We first give a brief review on the graceful model of discrete plane. Let *P* be a 3D real plane, \(\mathsf P\) and \({\mathcal P}\) be its corresponding naive and graceful planes, and let \(F\) be the functional plane. Let *s* and *t* be two voxels on \(\mathsf P\). Let \(s'\) and \(t'\) be the projections of *s* and *t* on \(F\). Let \(L(s',t')\) be the 2D digital straight segment (DSS) joining \(s'\) and \(t'\) on \(F\). As there is an one-to-one correspondence between \(\mathsf P\) and its projection pixels on \(F\), we get a set of voxels on \(\mathsf P\) corresponding to the pixels of \(L(s',t')\). This set may not be connected due to the presence of one or more *jumps* [9]^{1}. A (mono-)jump is created by a pair of disconnected voxels—be it a plane or be it a sphere—as illustrated in Fig. 2(c). This problem is solved in \({\mathcal P}\) by inserting a *Steiner voxel* in between the two voxels forming a jump in \(\mathsf P\) so that those two voxels become 0-connected in \({\mathcal P}\). A *tandem* is thus formed by the Steiner voxel and one of the jump voxels, which are 2-adjacent to each other (Fig. 2(c)). To ensure that \({\mathcal P}\) is a subset of the supercover \(\varvec{P}\) of *P*, each Steiner voxel is chosen only if it intersects *P*.

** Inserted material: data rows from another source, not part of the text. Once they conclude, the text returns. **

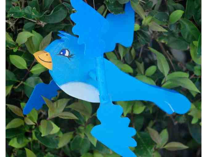 Whirlygigs have wings that spin in opposite directions freely in just a light breeze. Hand painted, hand made whirlygig, cut from pine, painted with acrylic. Great attention paid to details. Measures approximately 6" x 6". Hangs from a nylon string. For indoor or outdoor use. Coated with spray shellac for weather protection.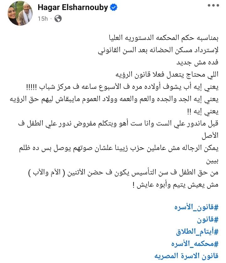 وكتبت هاجر الشرنوبي من خلال حسابها الرسمي عبر موقع التواصل الاجتماعي “فيسبوك”، قالت: "بمناسبه حكم المحكمه الدستوريه العليا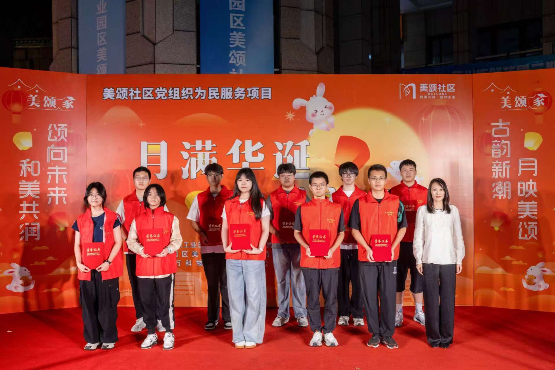 9月20日,电子工程学院20名学生志愿者助力苏州工业园区斜塘街道美颂社区“月满华诞·融乐美颂”喜迎国庆中秋游园市集活动并接受社区颁奖。双节盛会现场热闹非凡,青年志愿者们热情洋溢,同众多居民一同沉浸式感受节日的喜庆氛围。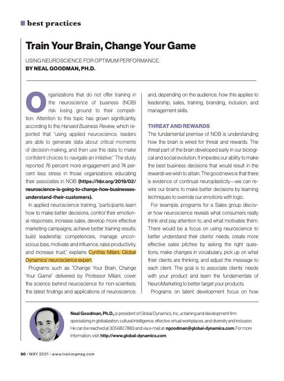 "We have had a lot of trainers come and go over the years, but none of them can do what Cynthia Milani can do. Her expertise across cultures is unique, and she has skillfully guided us through our mergers & acquisitons, conflicts, team building, and culture bridging phases. We could not have done it without her unique skill set, knowledge. and experience “with the brain in mind”.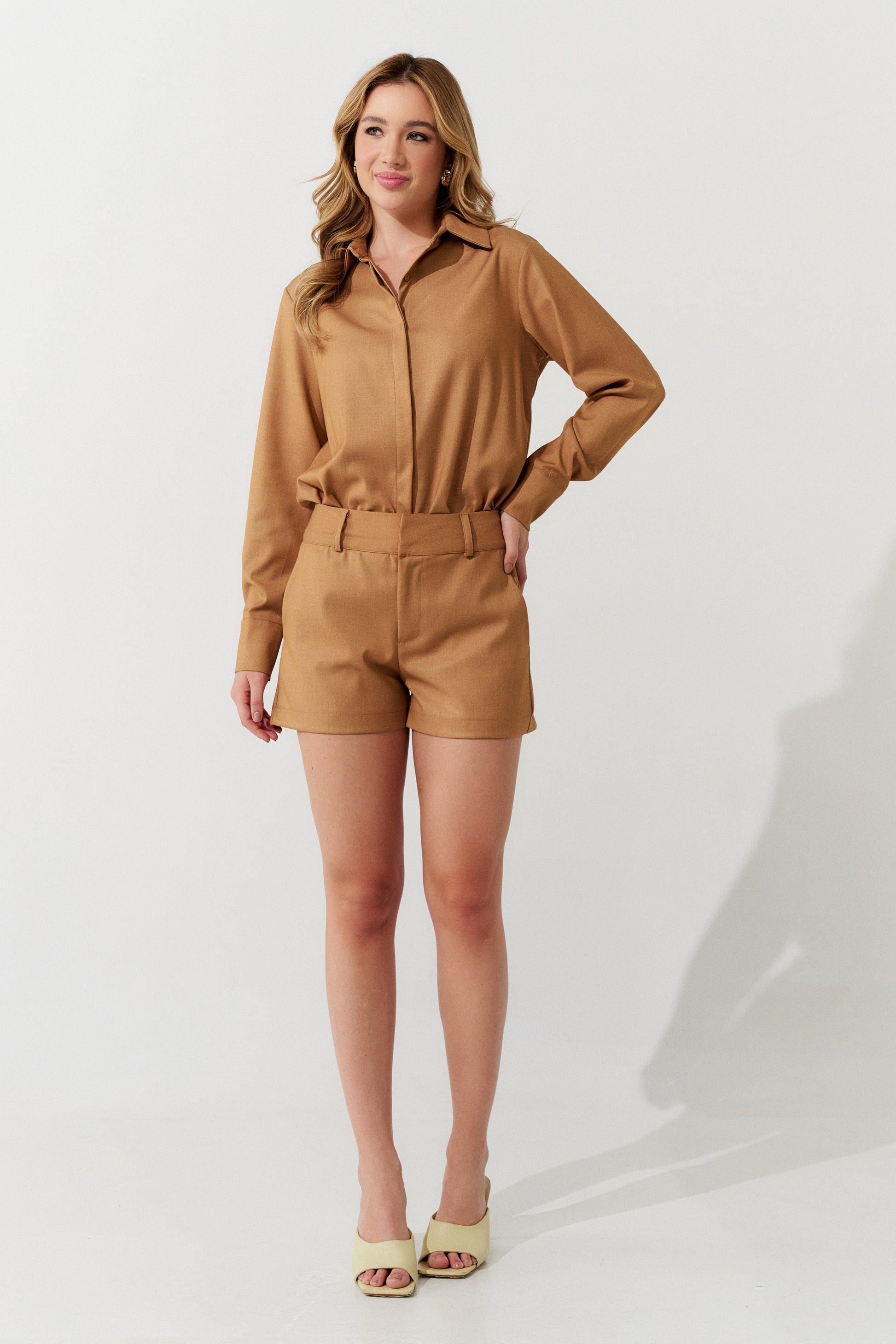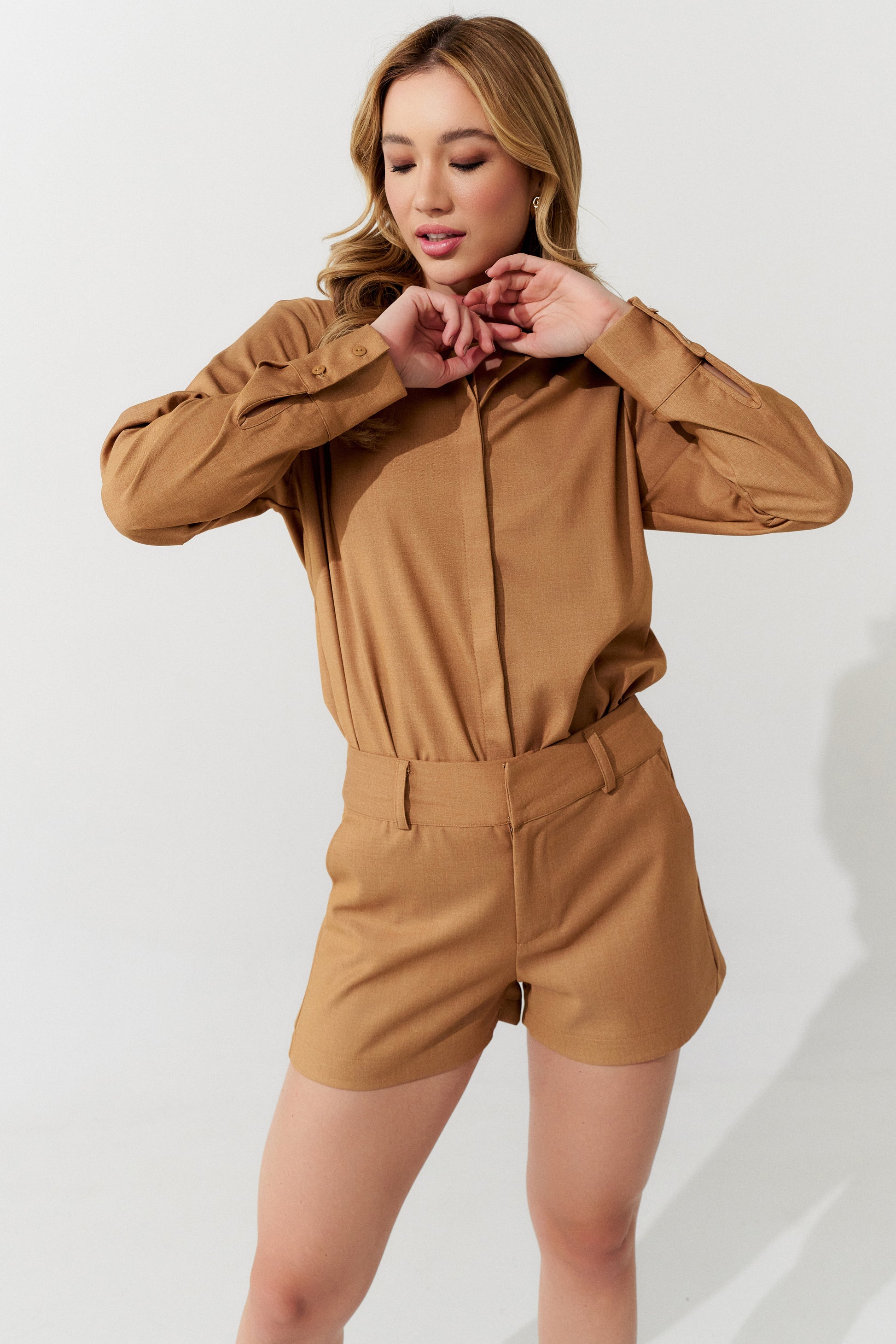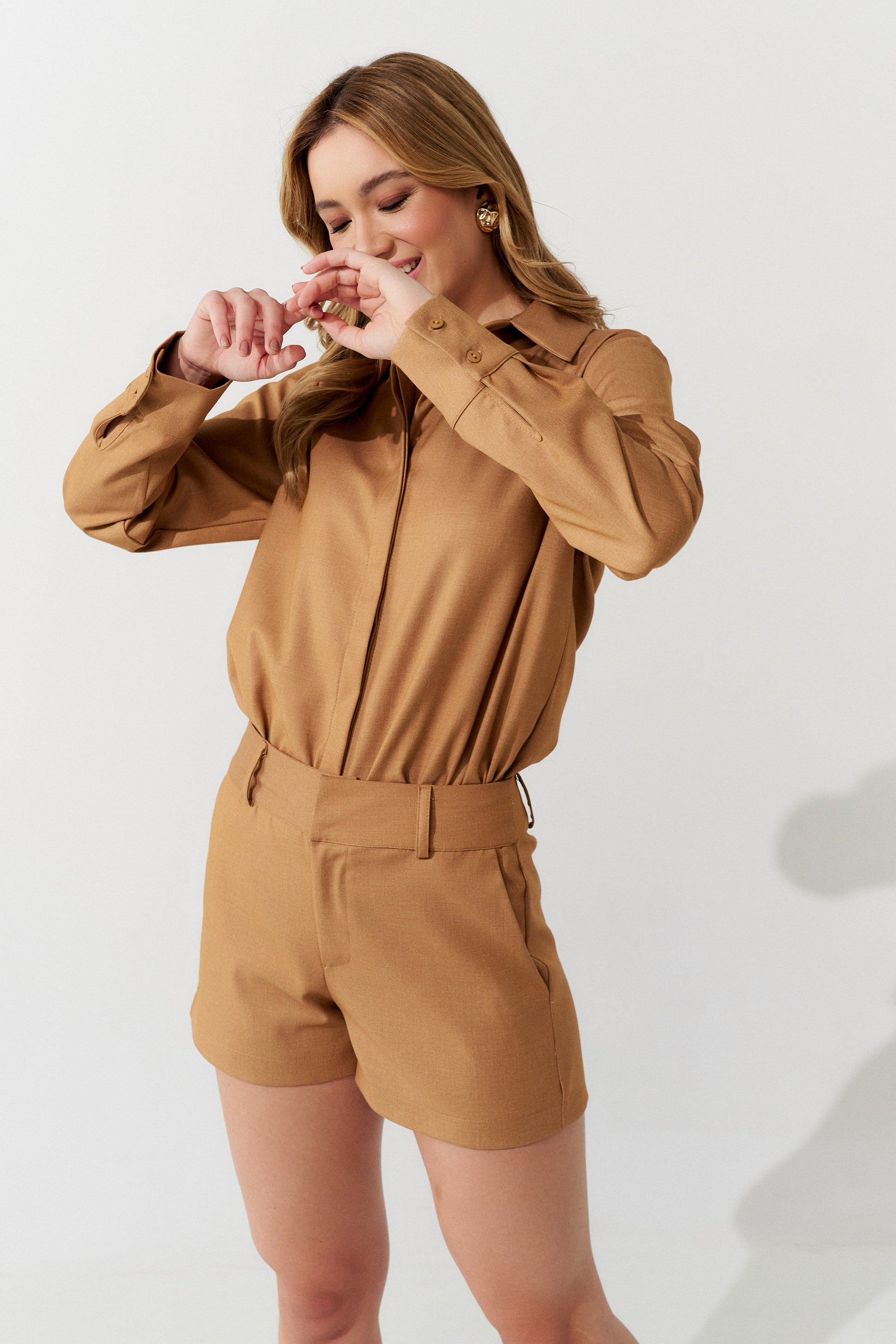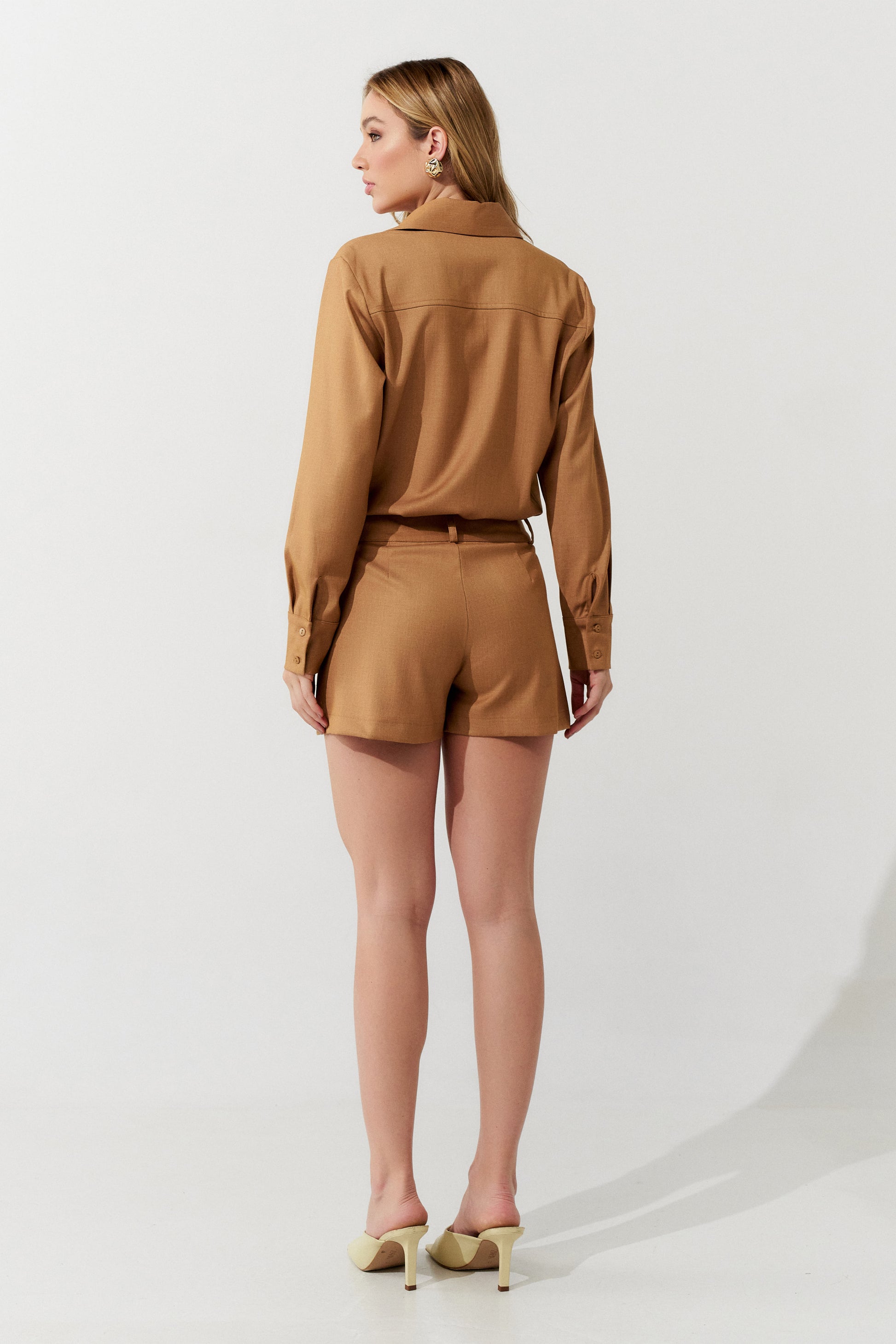 Macacão Curto Alfaiataria Bege

For a plane in general orientation, the functional plane (FP) is unique, and it is one of the coordinate planes. For a sphere, on the contrary, it is not so; rather, for each q-octant, the concept is analogous with plane. To explain this, we denote by \({\mathsf {S}}_{r}^{({t})}\) the *t*th q-octant of \({\mathsf {S}}_r\), where \(t=1,2,\ldots ,48\), and define its FP as follows.

### **Definition 1**

**(FP).** The functional plane of \({\mathsf {S}}_{r}^{({t})}\) is the coordinate plane on which its projection has a bijection with \({\mathsf {S}}_{r}^{({t})}\).

Each coordinate plane serves as the functional plane (FP) of 16 specific q-octants, as evident from the following lemma.

### **Lemma 1**

FP of \({\mathsf {S}}_{r}^{({t})}\) is *xy*-, *yz*-, or *zx*-plane, depending on whether the value of \(t\bmod 6\) belongs to \(\{1,2\}, \{3,4\}\), or \(\{5,0\}\), respectively.

### *Proof*

Follows from the construction of \({\mathsf {S}}_{r}^{({t})}\) in conformance with Eq. 1. \(\quad \square \)

By Lemma 1, we get the FP for a q-octant and hence can apply the tandem configuration used for a graceful plane with the same FP. This owes to two facts: (i) \({\mathsf {S}}_{r}^{({t})}\) has bijection with its FP projection; (ii) exactly one Steiner voxel can bridge a jump corresponding to FP (we prove it shortly), and such jump is a *mono-jump*. Jumps other than mono-jumps are called *multi-jumps*.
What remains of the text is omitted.